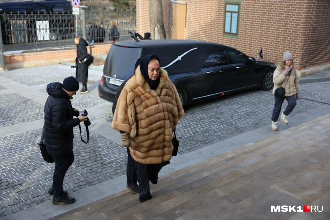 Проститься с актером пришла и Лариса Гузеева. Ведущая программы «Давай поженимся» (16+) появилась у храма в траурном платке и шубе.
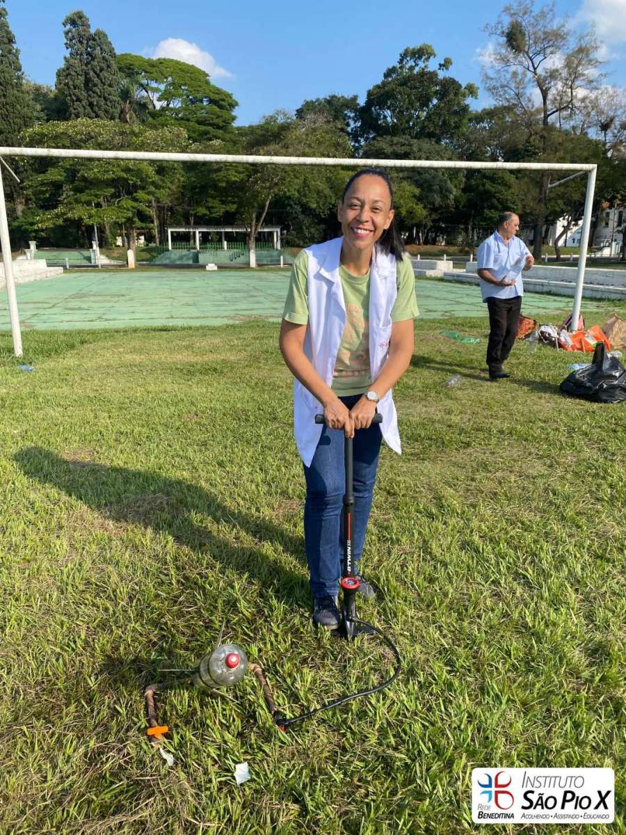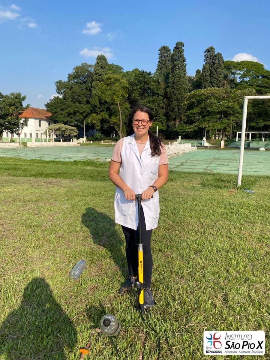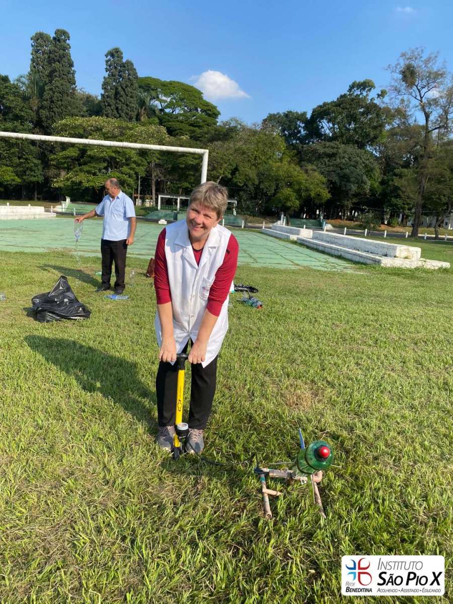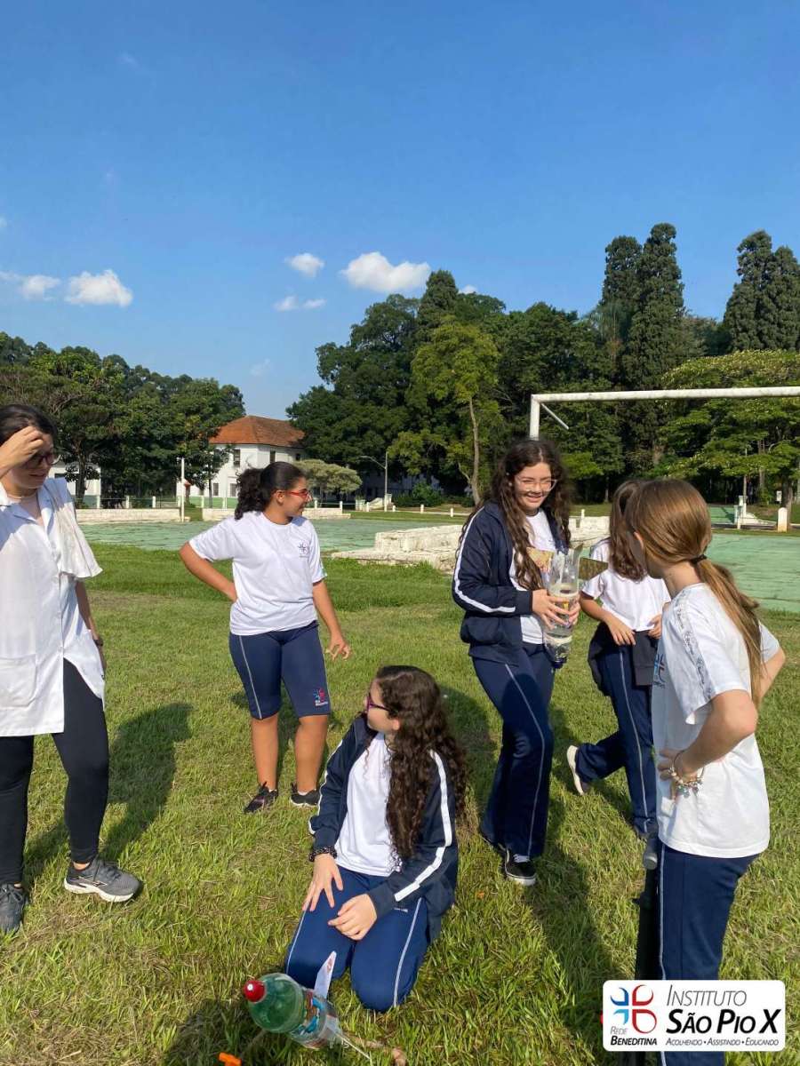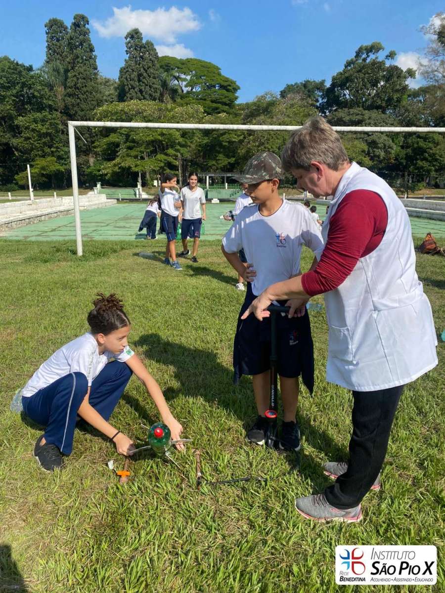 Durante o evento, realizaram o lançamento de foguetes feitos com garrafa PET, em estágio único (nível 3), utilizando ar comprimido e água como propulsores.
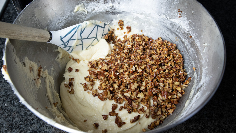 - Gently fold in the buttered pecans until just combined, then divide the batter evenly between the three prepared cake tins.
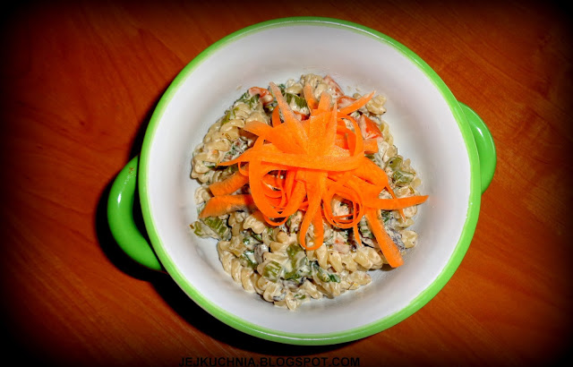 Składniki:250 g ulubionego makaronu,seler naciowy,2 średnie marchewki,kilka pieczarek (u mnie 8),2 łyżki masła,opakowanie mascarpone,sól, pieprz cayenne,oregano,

■ ■ ■ ■ ■ ■ ■

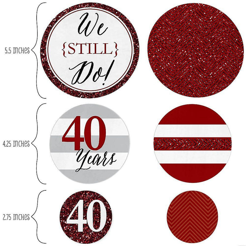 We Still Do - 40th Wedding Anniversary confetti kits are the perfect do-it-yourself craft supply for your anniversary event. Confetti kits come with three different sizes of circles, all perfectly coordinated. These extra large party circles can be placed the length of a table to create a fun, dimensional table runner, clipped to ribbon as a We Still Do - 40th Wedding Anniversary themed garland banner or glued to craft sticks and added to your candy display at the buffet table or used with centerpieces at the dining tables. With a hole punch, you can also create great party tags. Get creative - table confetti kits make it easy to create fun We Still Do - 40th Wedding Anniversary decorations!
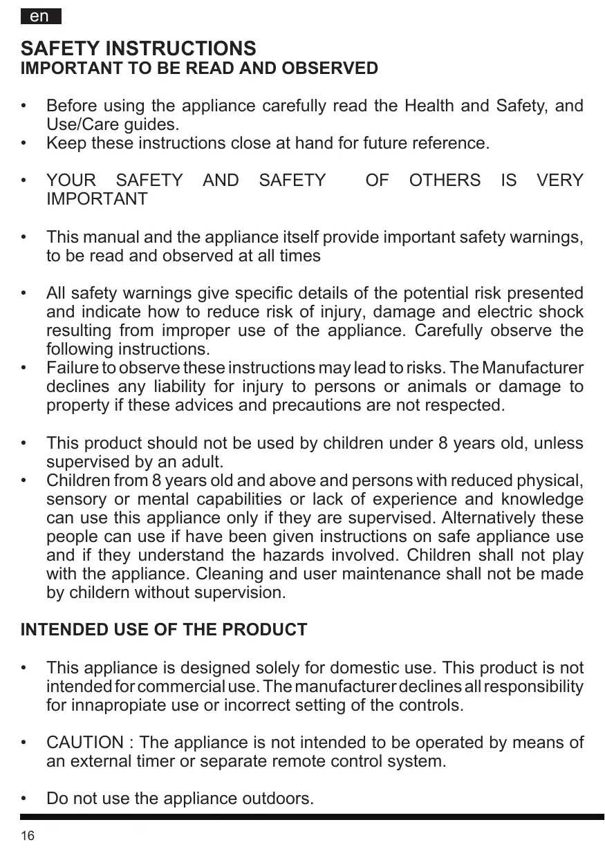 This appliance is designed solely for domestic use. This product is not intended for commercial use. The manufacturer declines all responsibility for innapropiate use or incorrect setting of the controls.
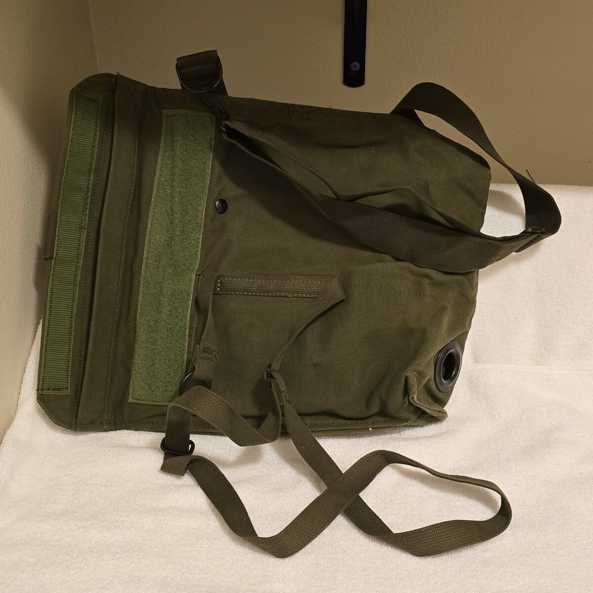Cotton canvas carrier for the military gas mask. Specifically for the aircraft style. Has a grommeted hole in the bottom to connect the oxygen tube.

■ ■ ■ ■ ■ ■ ■

- [Task brief] Look above for the line with "- Gently fold" and the line with "Składniki:250 g ulubionego". Give again exactly those two lines and all lines between them, pictures excluded.

- [Problem solution]
 - Gently fold in the buttered pecans until just combined, then divide the batter evenly between the three prepared cake tins.
 Składniki:250 g ulubionego makaronu,seler naciowy,2 średnie marchewki,kilka pieczarek (u mnie 8),2 łyżki masła,opakowanie mascarpone,sól, pieprz cayenne,oregano,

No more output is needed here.